Above 23rd Street, by the Hudson River, the neighborhood is post-industrial, featuring the elevated High Line viaduct, which follows the river all through Chelsea. The elevated rail line was the successor to the street-level freight line original built through Chelsea in 1847, which was the cause of numerous fatal accidents, so it was elevated in the early 1930s by the New York Central Railroad. It fell out of use in the 1960s through 1980 and was originally slated to be torn down, but in the early 2000s, it was redesigned and converted into a highly used aerial greenway and rails-to-trails park.
 With a change in zoning resolution in conjunction with the development of the High Line, Chelsea experienced a new construction boom, with projects by notable architects such as Shigeru Ban, Neil Denari, Jean Nouvel, and Frank Gehry.

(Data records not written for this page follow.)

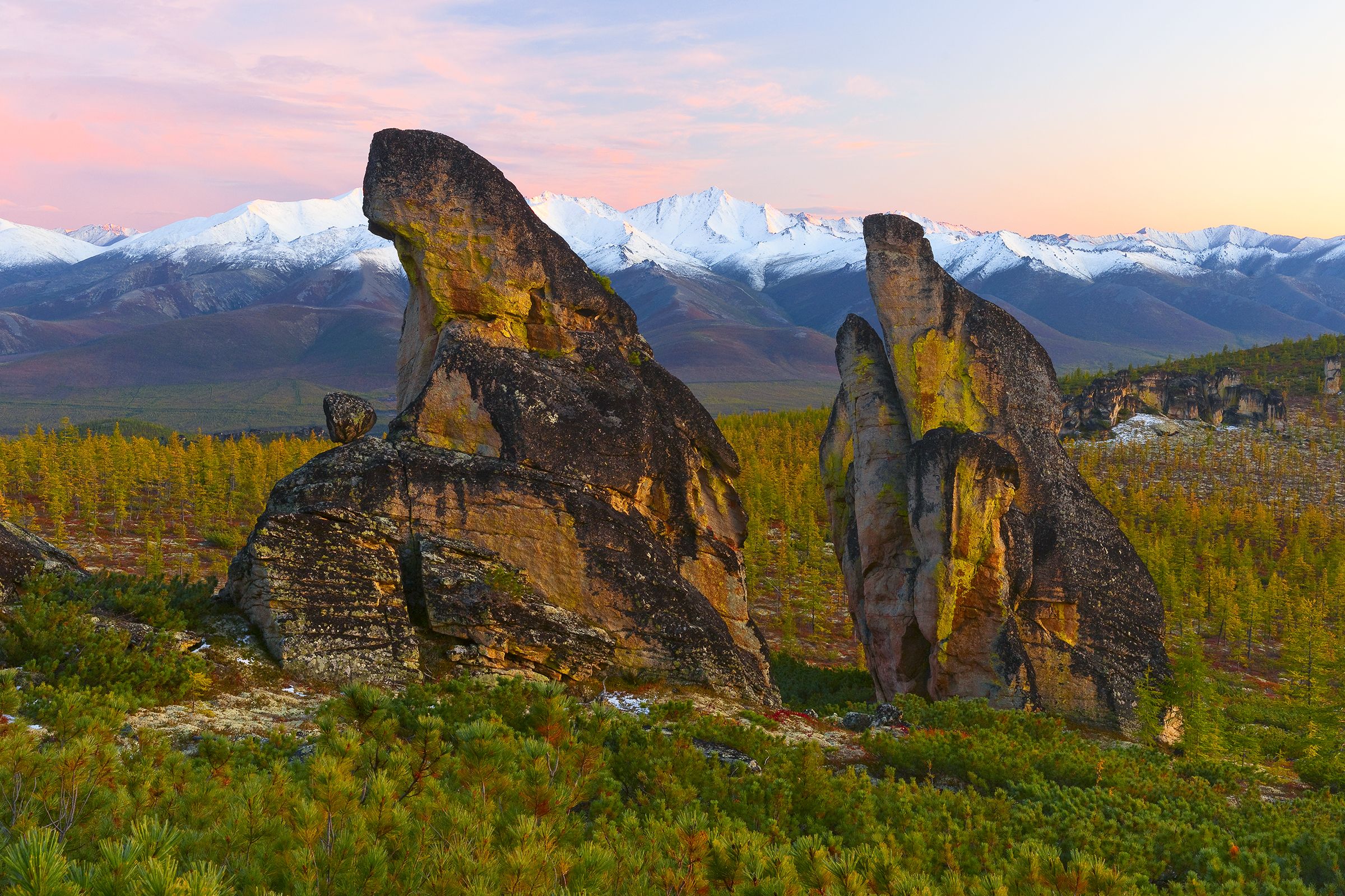 Оймяконские кисиляхи ( столбы) на правом берегу Индигирки.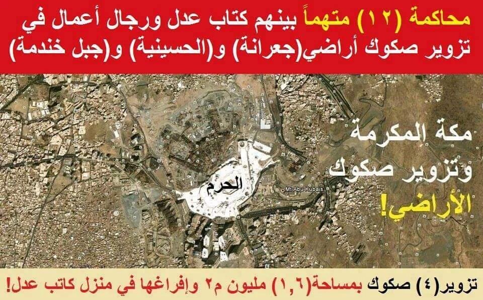 ومن بينها قضايا فساد الأراضي..ونشر عن تزوير صكوك اراضي مكة الذي وصل إلى صكوك استحكام زراعية على جبال حول الحرم بينها جبل خندمة وهي لم تزرع قط بالتاريخ؟!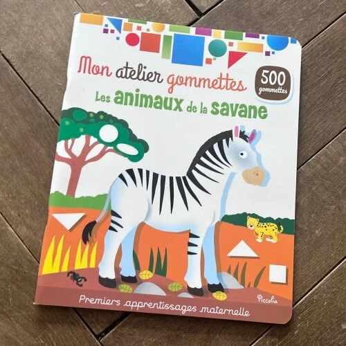 Sešit se spoustou samolepek různých tvarů (obdelníky, trojuhelníky, kruhy, ovály, atd.), které lepíte na stránky - celý sešit je zaměřený na zvířátka, která můžete potkat v savaně. Francouzský výrobce. Super na cesty - do letadla, do restaurace. |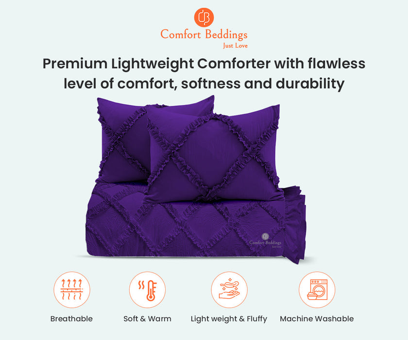 Bask under the bliss of Comfort bedding comforter. These Purple Diamond Ruffle Comforter sets are super easy to wash. At laundry time, it is easy to clean the regular washing machine.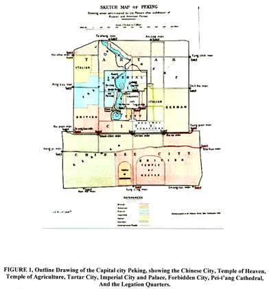 By the 16th June 1900 all foreigners and Chinese converts to Christianity in Peking were either in the Legation Quarters or in the Catholic Cathedral Pei-t'ang. On this same day the Boxers set fire to a large area of the Chinese city of Peking, see map of Peking - Figure 1, that housed shops and firms that dealt with foreigners, this fire destroyed over 4,000 businesses. Now on the 19th June the Foreign Ministers received an ultimatum from the Tsung-li Yamen stating that all foreigners had to leave Peking within 24 hours or their safety could no longer be guaranteed. Safe transit to Tien-tsin was offered to all foreigners who were ready to move on the morning of the 20th June.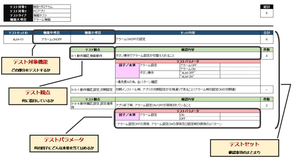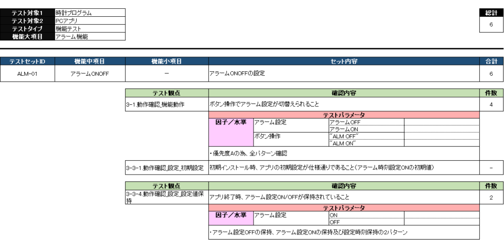 それでは、このような効果を持つテスト明細を実際に作成してみましょう。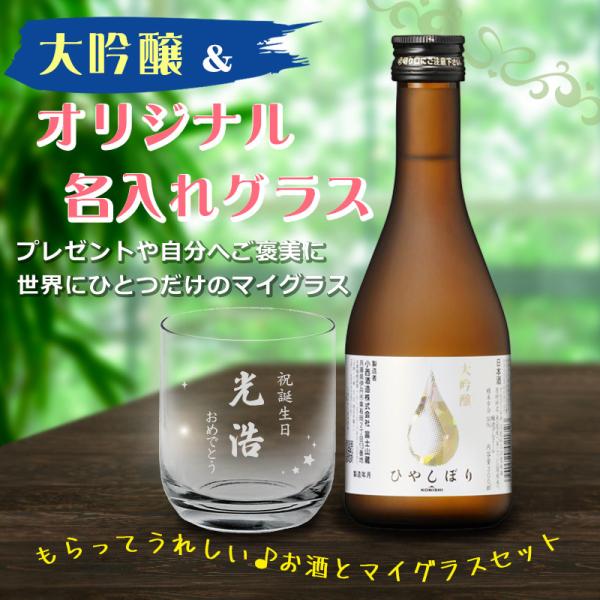 送料無料 エッチング グラス彫刻&日本酒セット 大吟醸 ひやしぼり 300ml ロックグラス 名入れ彫刻 選べるデザイン&メッセージ (北海道・沖縄+890円)

The neighborhood was quickly gentrifying, with small businesses being replaced by big-box retailers and technology and fashion stores. With this development, more wealthy residents moved in, further widening an already-existing income gap with public-housing residents. In 2015, the average yearly household income in most of Chelsea was about $140,000. On the other hand, in the area's two public-housing developments – the Elliott-Chelsea Houses, between 25th Street, Ninth Avenue, 28th Street, and Tenth Avenue; and Fulton Houses, between 16th Street, Ninth Avenue, 19th Street, and Tenth Avenue – the average income was less than $30,000. At the same time, the area's Puerto Rican enclaves and rent-subsidized housing, especially in Penn South, was being replaced by high-rent studios. This resulted in large income disparities across the neighborhood; one block in particular – 25th Street between 9th and 10th Avenues – had the Elliot Houses on its north side and two million-dollar residences on its south side.

The Chelsea neighborhood is served by two weekly newspapers: the Chelsea-Clinton News and Chelsea Now.

West Chelsea refers to the western portion of Chelsea, previously known as Gasoline Alley, much of which was previously a manufacturing area and has since been rezoned to allow for high-rise residential uses. It is often considered the area of Chelsea between the Hudson River to the west and Tenth Avenue to the east, a portion of which was designated a historic district in 2008. A 2008 article in The New York Times showed the eastern boundary of West Chelsea as Eighth Avenue for the area between 14th and 23rd streets, Ninth Avenue between 23rd and 25th, and Tenth Avenue between 25th and 29th.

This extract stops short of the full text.